The pre-breeding activities focused on advancing prioritized traits through ongoing activities on exploring the natural diversity in wild and unadapted germplasm. At IITA, 274 cowpea wild relatives were tested for seedling stage drought tolerance alongside six cultivated lines leading to the identification of 44 wild lines as the most drought tolerant. Seven wild accessions and four landraces were identified in finger millet that were immune to blast disease after screening with an isolate from western Kenya. All the wild and landrace materials identified to harbor novel genes will be used as donors for introgression.  Previously developed introgression lines (IL) were advanced, as in the case of groundnut developed by CERAAS/CIRAD (A. ipaensis x A. correntina or A. villosa), or further screened, as in pearl millet and pigeonpea. In pearl millet, heat-tolerant introgression lines (ILs) were identified, and a select number evaluated alongside other drought tolerant ILs for their reaction to different pathotypes of the blast pathogen with promising results. A total of 2,321 ILs were screened for pod borer infestation in pigeonpea and 71 ILs rated as tolerant to moderately tolerant based on visual rating ( Towards further characterization of the donors and development of markers for introgression, eight chickpea annual wild species, seven wild Cajanus species and 13 wild diploid groundnut were re-sequenced using Illumina platform and de novo assemblies performed where the gene model prediction and identification of non-coding genes is in progress.

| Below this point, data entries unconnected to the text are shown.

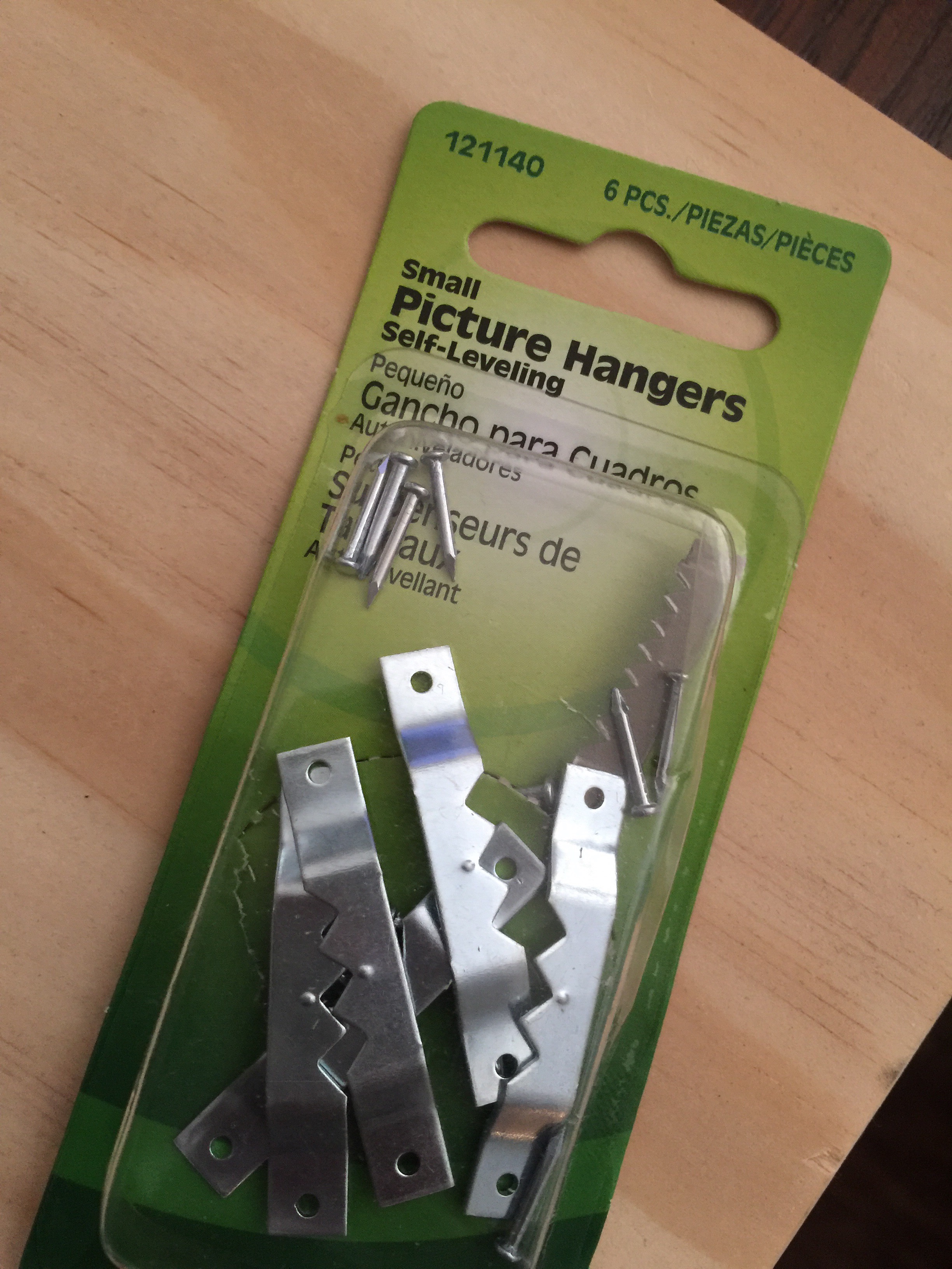 4. Attach your sawtooth hanger to the back of your board. Because I did a vertical bud vase I attached it to the very top in the middle, using the tiny nails that come with the hanger, and a hammer. If you’re making a horizontal hanger, you’ll probably want to use two sawtooth hangers towards each top corner of the board. Because I sometimes get asked what a sawtooth hanger is, look here:
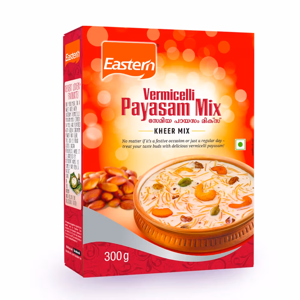 Boil 1.5 L of milk. Add entire packet of eastern vermicelli payasam mix into the boiling milk. Cook on medium flame for 15 - 20 mins, stirring occasionally. Add one tablespoon of butter/ghee. Delicious vermicelli payasam is ready to serve
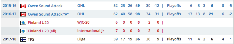 The gamble appears to have paid off in spades, with Palmu registering 17 goals and 36 points in 59 games for TPS Turku en route to winning the SM-Liiga rookie of the year title.
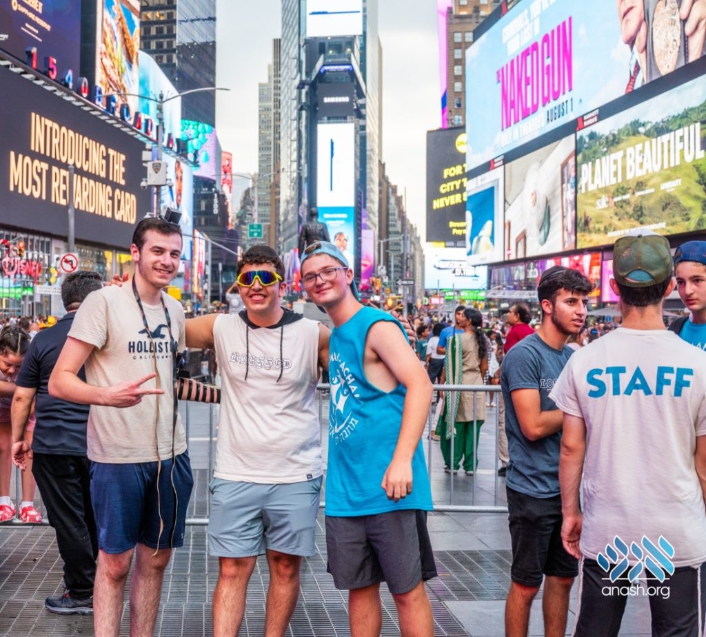 The older division stayed an extra day, visiting the Museum of Jewish Heritage to learn about the Holocaust, catching a Yankee Stadium game, and bringing Jewish joy to Times Square. When faced with anti-Semitic remarks, they responded with song and positivity — blasting “I’m a Jew and I’m Proud” in a moment that went viral.
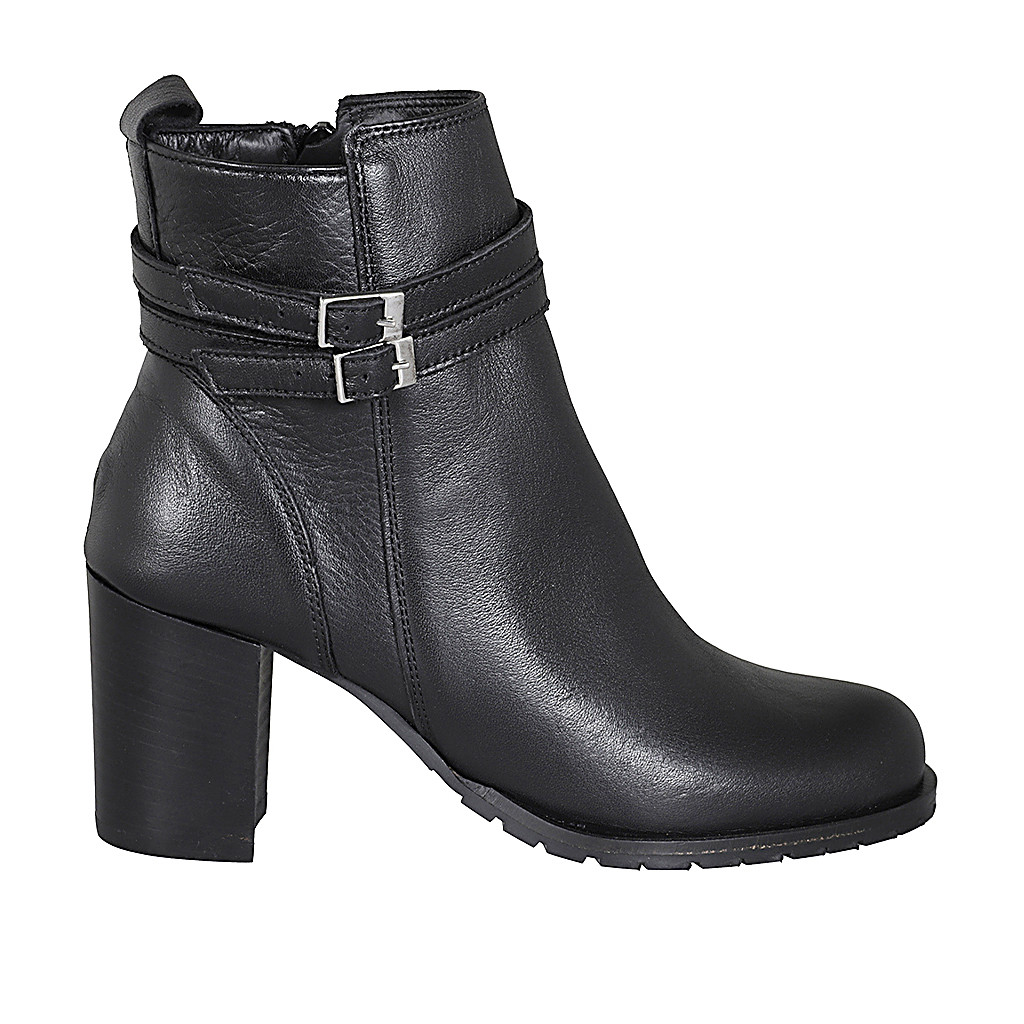 Botines para mujer con cremallera y hebillas en piel negra tacon 7
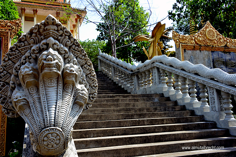 Wat Samathi is located in the National Park of the Kep Province. Built on the hills at an altitude of 800 m the Wat has a great balcony with a sea view. One buddhist monk stays there for guarding the area of the Wat, he was so friendly to guide me through the Wat and gives me explanations of the buddhist way to pray and meditate in the praying hall.

Marker development/deployment resulted in the generation of more than 700K marker data points combined in all GLDC crops through the HTPG platform. The utilization of these molecular markers led to the release of varieties and identification of several QTLs of interest. Two high oleic groundnut varieties and two chickpea varieties were released in India, besides the release of one chickpea variety in Ethiopia. The importance of addressing drought tolerance in pearl millet in WCA was addressed at IRD, where root growth QTLs linked to early drought stress tolerance were identified on LG1 and LG2 and validated using Bulk Segregant Analysis. Additional seven and three markers were identified in pearl millet for resistance to Striga hermonthica, and downy mildew disease respectively for two of the most important biotic stresses in pearl millet in WCA. Striga resistance was also studies in sorghum, and 10 markers identified through GWAS in WCA. Molecular breeding for other stress-related traits in chickpea and pigeonpea resulted in the identification of five and four QTLs respectively. Towards improving quality assurance/check in routine breeding programs of FP4, SNP panels for QC were developed and partially validated in pearl millet, groundnut and chickpea.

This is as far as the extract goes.